Life has become so cheap and brutish that everyday seems to
be a bonanza. We import petrol even when we have crude oil in abundance. We
also import rice and beans that our land can produce in abundance. We even
import toothpicks that primary school children can produce with little or no
effort. Yet, we drive the best of cars and live in the best of edifices, visit
the best places in the world for holidays and use the most expensive electronic
and telecoms gadgets. It is now a sign of poverty for a Nigerian to ride a
saloon car.
Four-wheel drive vehicles are the in thing. Even government
officials, who were known to use only Peugeot products as official cars as a
sign of modesty, have upgraded to Toyota Prado as official vehicle without any
iota of shame, in a country where about 70 per cent live below poverty line.
Private jets have become as common as cars. A nation that imports toothpicks
and pins flaunts wealth and wallows in ostentation at a time its children are
trooping to Ghana, South Africa and the UK for university education and its
sick people are running to India for treatment. India produces automobile and
exports it to the world.
India’s medical care is second to none, with even Americans
and Europeans travelling to the country for medical treatment. India has joined
the nuclear powers nations. India has launched a successful mission to the
moon. Yet bicycles and tricycles are common sights in India. But in Nigeria,
only the wretched of the earth ride bicycles. I have intentionally chosen to compare
Nigeria with India rather than China, South Korea, Brazil, Malaysia, or
Singapore, because of the similarities between India and Nigeria.
But these countries were not as promising as Nigeria at the
time of our independence. Some would say that our undoing is our size: the 2012
United Nations estimate puts Nigeria’s population at 166 million, while India
has a population of 1.2 billion. Some would blame it on the multiplicity of
ethnic groups: we have 250 ethnic groups, India has more than 2,000.
Some would hang it on the diversity in religion: we have two
major religions — Christianity and Islam; but India has many. Some would say it
is because we are young as an independent nation: we have 52 years of
independence; India has 65 years. Apartheid ended in South Africa only in 1994.
I am a Christian, and nothing can change me from Christianity. But I think that
our country is daily sinking into religiosity to the detriment of godliness.

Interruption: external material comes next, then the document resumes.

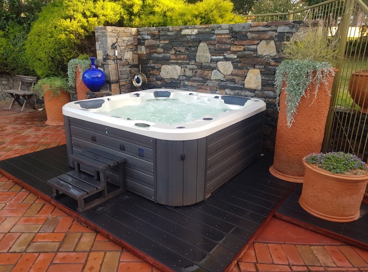 A Titanium spa as a feature in the backyard.

Our land is sick and needs healing.
“If my people who are called by my name will humble
themselves, and pray and seek my face, and turn from their wicked ways, then I
will hear from heaven, and will forgive their sin and heal their land” is still
a saying that is germane to our current situation. We need more godliness than
religion; more work and less of hope; and more action and less of words.
Let everyone tidy up his or her corner first and demand
fervently that our leaders tidy their areas of governance. Our nation is
degenerating at a fast pace and we need to save it now or it may be too late.